At the time Red Shirley was making its way around film festivals, Reed told the press:  "I realized if I didn't do this, a connection to a lot of things would be lost forever. So there was great impetus to do this.” 

But Reed’s explanation for making the movie rings hollow. What he ended up doing was indeed the opposite of capturing some kind of fragile historical truth. He didn’t just miss every opportunity to learn more about Shirley, he, for reasons that may now be impossible to uncover, actively chose to distort key aspects of his cousin’s life. 

The woman who was known for decades as Shirley Novick is presented in the film as Shulamit Rabinowitz.

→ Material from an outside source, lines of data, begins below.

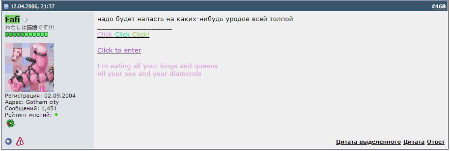 >>25466771>>25466820 Шиз, тут это писать бесполезно, это хейтотред, тут на одного залётного кисика отряд хейтеров и шизов бдящих посменно. Пиши в её соц. сетях, фан-группах и тд...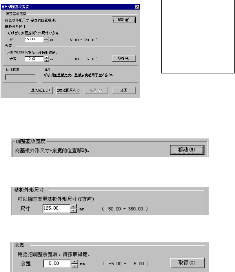 使用主体前面的手柄进行调整后,按下“取得”按钮,将当前的传送宽度与基板外形尺寸的差值作为
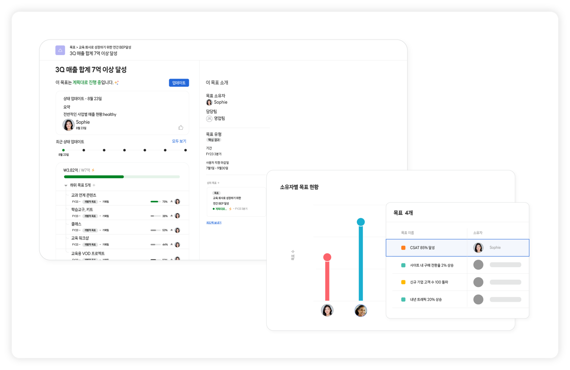 조직 목표 설정팀 목표 연계진행률 자동 계산목표 달성 현황 리포트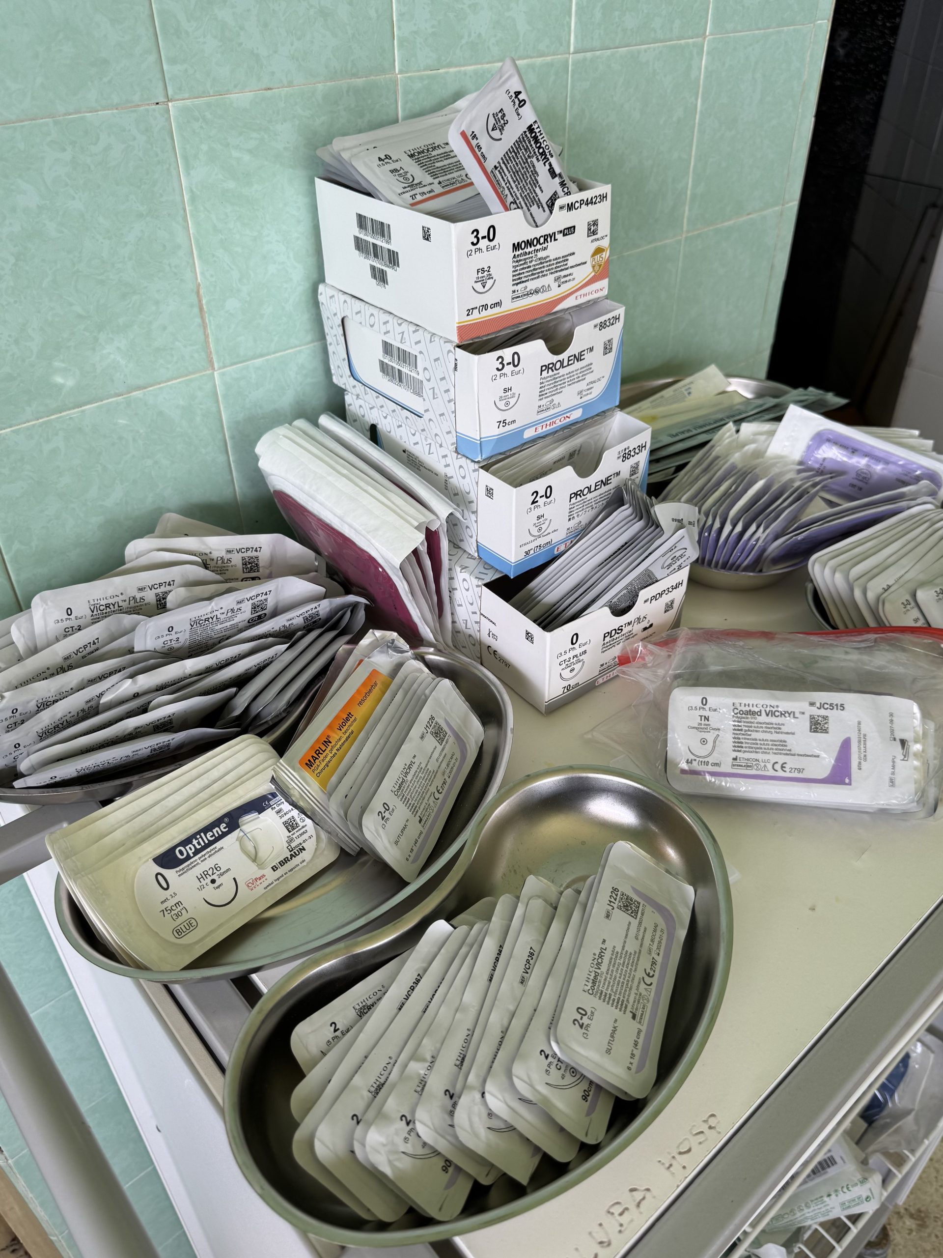 Koffer wurden ausgepackt, Materialien gesichtet und sortiert, Instrumentensets sterilisiert, Überwachungsplätze an den OP-Tischen eingerichtet, das Narkosegerät und Medikamente gecheckt, Nahtmaterial vorbereitet und die Diathermiegeräte angeschlossen. Was früher deutlich mehr Zeit in Anspruch nahm, lief dank der über die Jahre gewachsenen Routine inzwischen reibungslos – perfekt aufeinander eingespielt. Innerhalb weniger Stunden war alles einsatzbereit.

Shulamit (or, as she would have been known in Yiddish, Shulamis) Rabinowitz was born in Poland, but came to New York as a young woman where she became an outspoken organizer in the garment industry and a high profile member of Yiddish Communist circles.

How is it possible that in the (albeit brief) 27 minutes of Red Shirley the word ‘Communist’ is not even uttered once? It could be that Lou’s family didn’t approve of Shirley’s marriage to a high profile Communist like Paul Novick. It’s hard to say. 

Memory is a muscle and American Jews have allowed theirs to waste away. Indeed, that wasting effect is cumulative. What is allowed to wither in one generation will have small chance at being reclaimed by the next.

Lou Reed went in search of the radical Jewish past. Led by nostalgia, he ended up rewriting history. 

By a quirk of fate, I was at Shirley Novick’s funeral not long after Red Shirley premiered at the New York Jewish Film Festival. I even sat a few seats away from her very surly cousin, Lou. I’m one of the very, very few who saw the movie and knew enough to be alarmed by its distortions, knew the people whose lives were being erased.

The Talmud tells us that while they are gestating in the womb, Jewish babies possess knowledge of the entire Torah. Right before they are born, an angel's touch removes that knowledge, making the subsequent acquisition of Torah a process of remembering.

I became a born again Yiddishist in college. My adult life has been spent in this kind of remembering, a re-acquisition of memories, a scrabbling at dreams in languages always at the far end of my tongue. 

That work of remembering is exhausting. Simply learning Yiddish at the end of the 20th century - the language of millions of American Jews and tens of thousands of volumes of literature - was a labor of extraordinary difficulty. 

Anyone who studies Yiddish today, even at this moment of so-called revival, knows that it is a source of social friction. Because we all know Yiddish is a dead language; we all know Yiddish had to die for Hebrew to live. It is the logic of internalized brutality, where losers may be pitied, may even be mourned, but they must, at all costs, remain buried.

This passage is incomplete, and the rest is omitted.